▸ WORK TO BE COMPLETED
The listing below should be written out word for word, with its pictures removed.

Start of COLLECTED MATERIAL

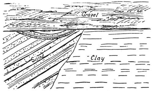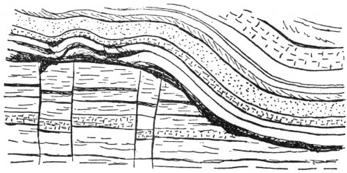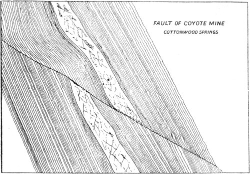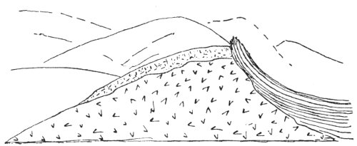 At Palm Springs the soft clay beds of late Tertiary age begin to appear. They dip in all directions, though that to the south and southwest is the most common. Toward Carrizo Station these are often covered by granitic detritus. The Tertiary beds widen out where the road strikes Carrizo Creek, and at Carrizo Station they have a width of nearly 10 miles. They rest against a granite range north of the creek and south along a long ridge which terminates in Carrizo Mountain. They also extend a long distance up Carrizo Creek. Four miles below the station harder sandstones and strata of shells cap the clay hills. This shell layer near the creek is 10 feet thick and contains pectens and oyster shells, belonging to the Miocene-Tertiary. The clay hills which surround Carrizo Station form a veritable Bad-Land. They show many different colors, and are perfectly devoid of any vegetation. They have been eroded into a most confused network of hills and cañons, and are so soft that it is difficult to travel over them. Six miles below this station and a mile north of the creek there rises a rugged granite range, facing the open desert. It rises from the desert quite precipitously nearly 2,000 feet, but blends westward into the ridges which run east from San Felipe. The granite is coarse and deeply decomposed. Sharp, angular grains of quartz stand out so prominently as to tear anything with which they come in contact. The thin-bedded shell strata rest against the slopes of the mountain, and near the southern end rise against the eastern slope at a very high angle in sharp, jagged points. These strata rise above the granite ridges at the point where they occur, and dip fully 70° to the east. (Fig. 11.) Resting on the summit of this granite ridge, and immediately west of the steeply inclined and jagged points of the Tertiary strata, is the southern outcrop of a bed of coarse, hard sandstone, which rises along the summit of the ridges to the north and dips west, extending down the western side of the range for a thousand feet or more, dipping at an angle of about 30°. This sandstone outcrops along the crest of the ridge for nearly a mile. It is, however, not absolutely 21 continuous, the granite rising through it in places. Near the southern end it is so highly metamorphosed as to be with difficulty distinguished from the granite at the contact. In fact, the two formations have become so intimately united, that a fracture of the granite made near the sandstone, instead of stopping at the contact, extends into the sandstone, so that the two rocks break off together. The contact is so exceedingly irregular that it seemed at first sight as if the sandstone had been intruded by the granite. Deep, narrow crevices extend into the granite, and are filled with sandstone. Some granite bunches are almost inclosed in the sandstone. The most interesting feature of this sandstone is the presence in it of an abundance of well-preserved corals of a type fully as old as the Cretaceous. Fragments of two species of a large oyster and poorly preserved specimens of univalve and bivalve shells are also abundant. There are at least two species of coral, many specimens being at least a foot in diameter. The sandstone is literally filled with them toward the southern portion of the outcrop. They also extend down into the crevices and cavities in the granite. The sandstone shows somewhat less metamorphism toward the north, where it contains some strata of pebbly conglomerate. The granite is intersected by many veins of coarsely crystallized feldspar and quartz. From these veins many of the pebbles in the conglomerate have been derived. At the highest point of the ridge the sandstone has the greatest thickness. Here it is broken up into great blocks 15 feet square, piled in the greatest confusion, as if by an earthquake. One great mass overhangs the almost precipitous granite escarpment at an elevation of 1,000 feet above the desert. Many fractures extend from the sandstones through into the granite. The sandstones, as well as the granite mountains north, have been baked a dull red color by the intense heat of the sun. To account for the peculiar position of this sandstone, as well as the steep inclination of the Tertiary beds at the southern end of the mountain, we must suppose that an extensive fault has taken place along the edge of the range facing the desert. The general inclination of the Tertiary beds to the west and southwest is also evidence of an uplift along this line.
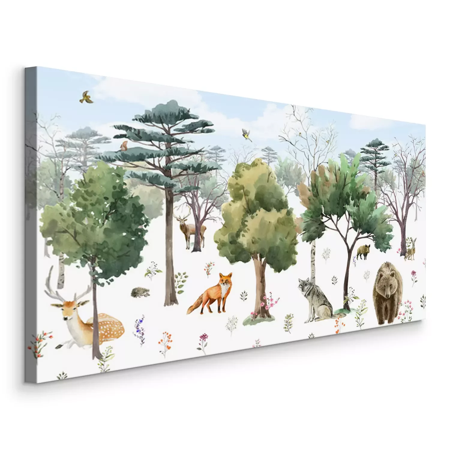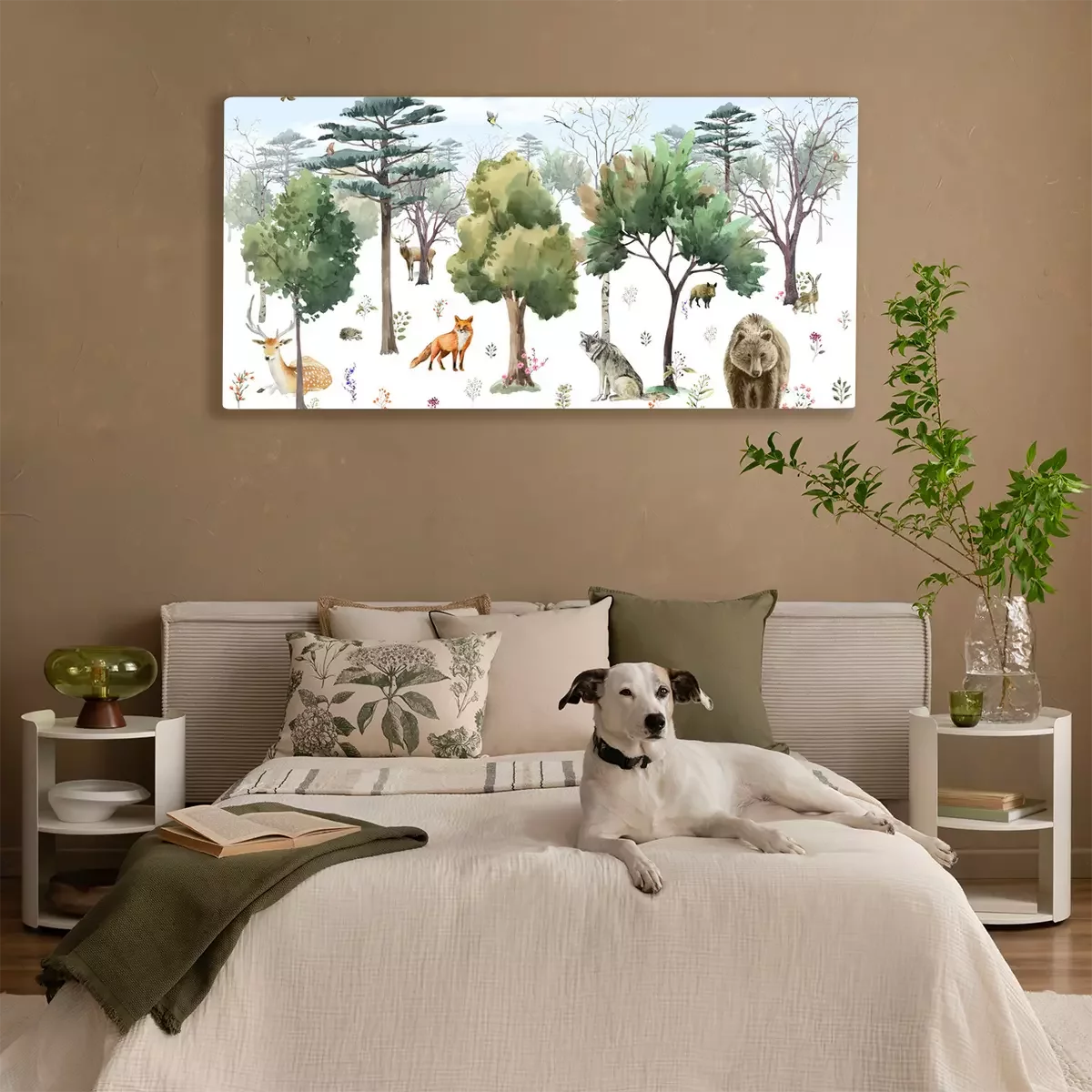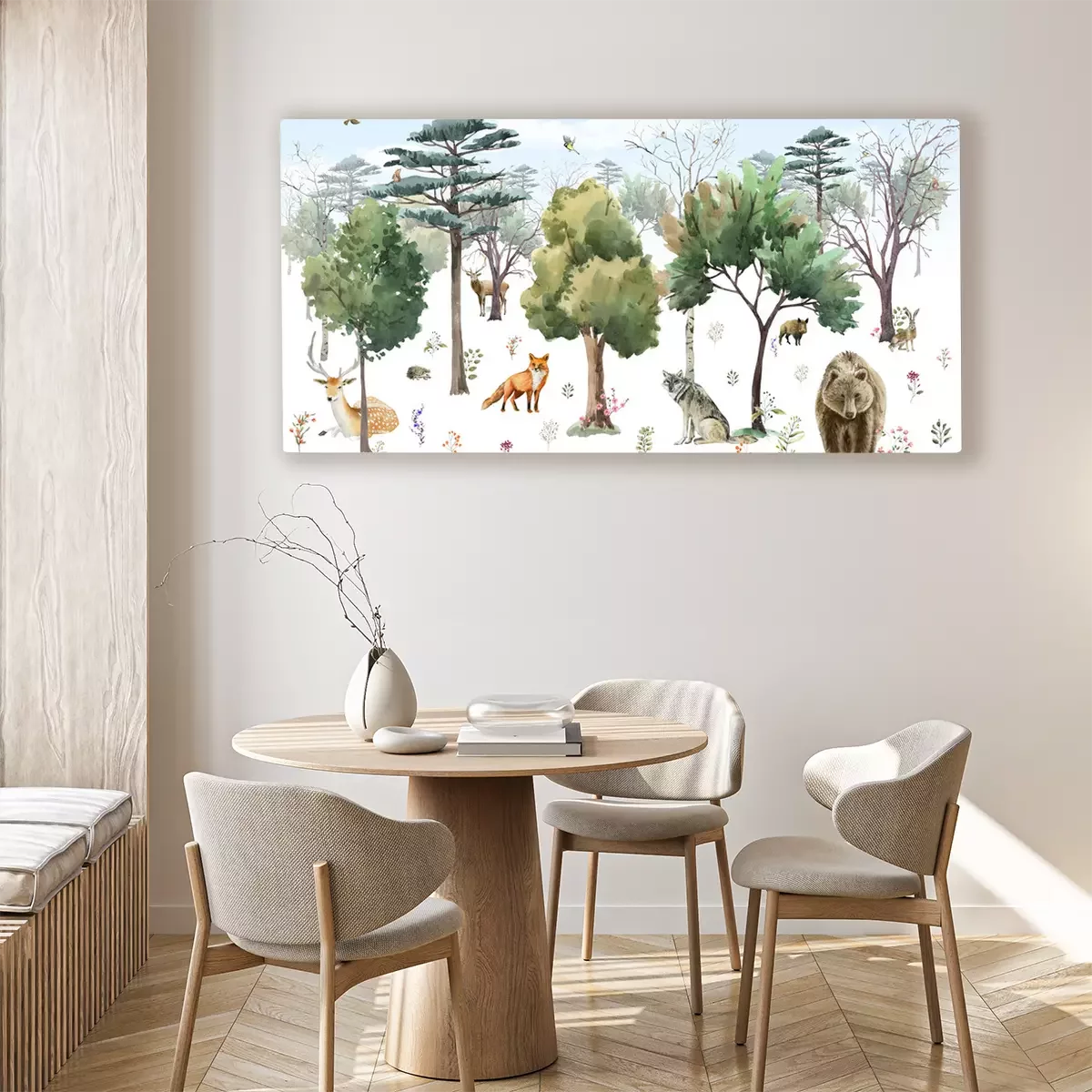 Bild Waldlandschaft mit Tieren im Aquarellstil
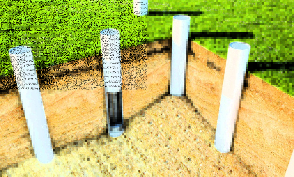 Использование свайного метода предполагает установку железобетонных столбов по периметру предполагаемой конструкции.

End of COLLECTED MATERIAL

▸ RESULT OF THIS TASK
 At Palm Springs the soft clay beds of late Tertiary age begin to appear. They dip in all directions, though that to the south and southwest is the most common. Toward Carrizo Station these are often covered by granitic detritus. The Tertiary beds widen out where the road strikes Carrizo Creek, and at Carrizo Station they have a width of nearly 10 miles. They rest against a granite range north of the creek and south along a long ridge which terminates in Carrizo Mountain. They also extend a long distance up Carrizo Creek. Four miles below the station harder sandstones and strata of shells cap the clay hills. This shell layer near the creek is 10 feet thick and contains pectens and oyster shells, belonging to the Miocene-Tertiary. The clay hills which surround Carrizo Station form a veritable Bad-Land. They show many different colors, and are perfectly devoid of any vegetation. They have been eroded into a most confused network of hills and cañons, and are so soft that it is difficult to travel over them. Six miles below this station and a mile north of the creek there rises a rugged granite range, facing the open desert. It rises from the desert quite precipitously nearly 2,000 feet, but blends westward into the ridges which run east from San Felipe. The granite is coarse and deeply decomposed. Sharp, angular grains of quartz stand out so prominently as to tear anything with which they come in contact. The thin-bedded shell strata rest against the slopes of the mountain, and near the southern end rise against the eastern slope at a very high angle in sharp, jagged points. These strata rise above the granite ridges at the point where they occur, and dip fully 70° to the east. (Fig. 11.) Resting on the summit of this granite ridge, and immediately west of the steeply inclined and jagged points of the Tertiary strata, is the southern outcrop of a bed of coarse, hard sandstone, which rises along the summit of the ridges to the north and dips west, extending down the western side of the range for a thousand feet or more, dipping at an angle of about 30°. This sandstone outcrops along the crest of the ridge for nearly a mile. It is, however, not absolutely 21 continuous, the granite rising through it in places. Near the southern end it is so highly metamorphosed as to be with difficulty distinguished from the granite at the contact. In fact, the two formations have become so intimately united, that a fracture of the granite made near the sandstone, instead of stopping at the contact, extends into the sandstone, so that the two rocks break off together. The contact is so exceedingly irregular that it seemed at first sight as if the sandstone had been intruded by the granite. Deep, narrow crevices extend into the granite, and are filled with sandstone. Some granite bunches are almost inclosed in the sandstone. The most interesting feature of this sandstone is the presence in it of an abundance of well-preserved corals of a type fully as old as the Cretaceous. Fragments of two species of a large oyster and poorly preserved specimens of univalve and bivalve shells are also abundant. There are at least two species of coral, many specimens being at least a foot in diameter. The sandstone is literally filled with them toward the southern portion of the outcrop. They also extend down into the crevices and cavities in the granite. The sandstone shows somewhat less metamorphism toward the north, where it contains some strata of pebbly conglomerate. The granite is intersected by many veins of coarsely crystallized feldspar and quartz. From these veins many of the pebbles in the conglomerate have been derived. At the highest point of the ridge the sandstone has the greatest thickness. Here it is broken up into great blocks 15 feet square, piled in the greatest confusion, as if by an earthquake. One great mass overhangs the almost precipitous granite escarpment at an elevation of 1,000 feet above the desert. Many fractures extend from the sandstones through into the granite. The sandstones, as well as the granite mountains north, have been baked a dull red color by the intense heat of the sun. To account for the peculiar position of this sandstone, as well as the steep inclination of the Tertiary beds at the southern end of the mountain, we must suppose that an extensive fault has taken place along the edge of the range facing the desert. The general inclination of the Tertiary beds to the west and southwest is also evidence of an uplift along this line.
 Bild Waldlandschaft mit Tieren im Aquarellstil
 Использование свайного метода предполагает установку железобетонных столбов по периметру предполагаемой конструкции.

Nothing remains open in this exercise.